Plein Air Painting in Winter: Essential Tips and Gear for UK Artists

A practical UK guide to plein air painting in winter: layers, medium advice, hand care, a limited palette and simple kit to keep you painting in cold, damp weather.

Published

14 May 2026

Updated

14 May 2026

Wooden easel with small canvas in a frost-covered open field, grey winter sky

Key takeaways

  • Winter light is diffuse and stable, offering longer workable scenes and clear tonal structure.
  • Dress in three layers with merino base, insulating mid layer and windproof outer; protect hands, feet and head.
  • Oil paint thickens and dries slower; use alkyds and keep tubes warm. Watercolour is workable above 4–5°C; avoid acrylics below 10°C.
  • Work small and fast: 15x20 to 20x25cm is ideal for 60–90 minute sessions. Use a limited palette to reduce decisions.
  • Carry hand warmers, a windbreak or shelter, underfoot insulation and wet protection such as an umbrella or pochade box.

Plein air painting in winter gets a bad reputation it doesn't deserve. The days are short, the skies are grey, and yes, you'll need an extra layer or two, but the British winter offers something genuinely different to any other season outdoors. If you've been painting outside through the warmer months and wondering whether to carry on, the honest answer is: carry on. This guide covers everything you need to do it well, dressed for the actual British winter rather than some imagined snowbound wilderness.

Why Winter Is Worth Painting Outside

The assumption that winter means stopping is understandable, but it's worth examining. The conditions that feel like obstacles often turn out to be the point.

The light is different, not worse

UK winter light is diffuse, soft, and remarkably consistent. On an overcast January morning, the scene in front of you will look almost identical at 10am as it does at midday. Compare that to a July session where the shadows shift every twenty minutes and the golden hour disappears before you've mixed your first colour. The stable light of a grey winter day gives you more time to look, think, and paint without chasing a moving target. When snow does appear, it simplifies the value structure beautifully: everything becomes about tone, and the painting almost composes itself. Bare deciduous trees reveal their underlying structure in a way that's genuinely useful, particularly if you're still building confidence with composition.

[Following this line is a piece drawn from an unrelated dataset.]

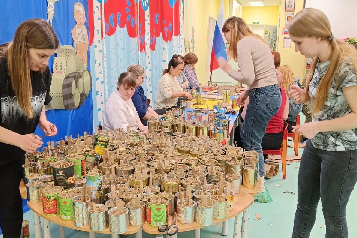 На территории Лужского гарнизона (Ленинградская область) 30 дошкольников из детсада «Лесная сказка» под руководством Нины Пророковой приняли участие в акции «Доброе дело». Они изготовили 500 окопных свечей.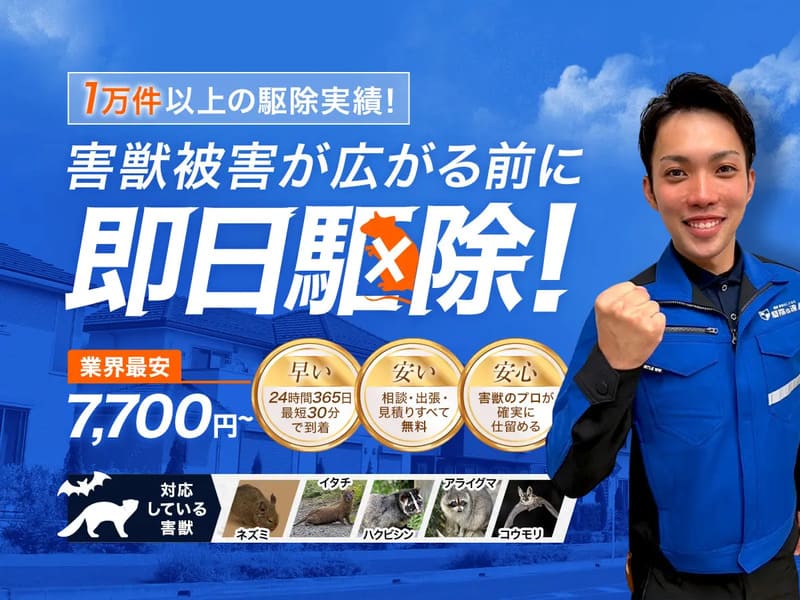 口コミでもスタッフの丁寧な対応や技術力の高さが評価されており、駆除から再発防止までトータルで任せられます。

Fewer crowds, more solitude

Popular spots that are heaving in summer become yours in winter. The harbour at Bosham, the churchyard in Lavenham, the viewpoint above the Wye Valley: these places take on a different quality when the visitors have gone. There's more stillness, more focus, and a mood that's worth painting for its own sake.

Dressing for a UK Winter Painting Session

This is the section that makes or breaks a winter painting session. Get the clothing wrong and you'll be packing up within forty minutes. Get it right and you can work comfortably for an hour and a half without thinking about the cold at all.

The key thing to understand about a UK winter is that it's rarely extreme. Lowland England typically sees temperatures between 2°C and 8°C. Scotland can drop to -5°C or colder, and wind chill anywhere in the country can make it feel significantly sharper than the thermometer suggests. Damp is often more of a problem than raw cold. You're not preparing for an Arctic expedition; you're preparing to stand still in a cold field for ninety minutes, which requires a different approach to dressing than going for a winter walk.

The layering principle

Three layers, each with a distinct job.

The base layer manages moisture. Merino wool is the best option: it wicks sweat away from the skin and insulates even when damp. Avoid cotton entirely as a base layer. It absorbs moisture and holds it against your skin, which chills you rapidly when you stop moving. A merino wool long-sleeve top is the single best investment you can make in your winter painting comfort.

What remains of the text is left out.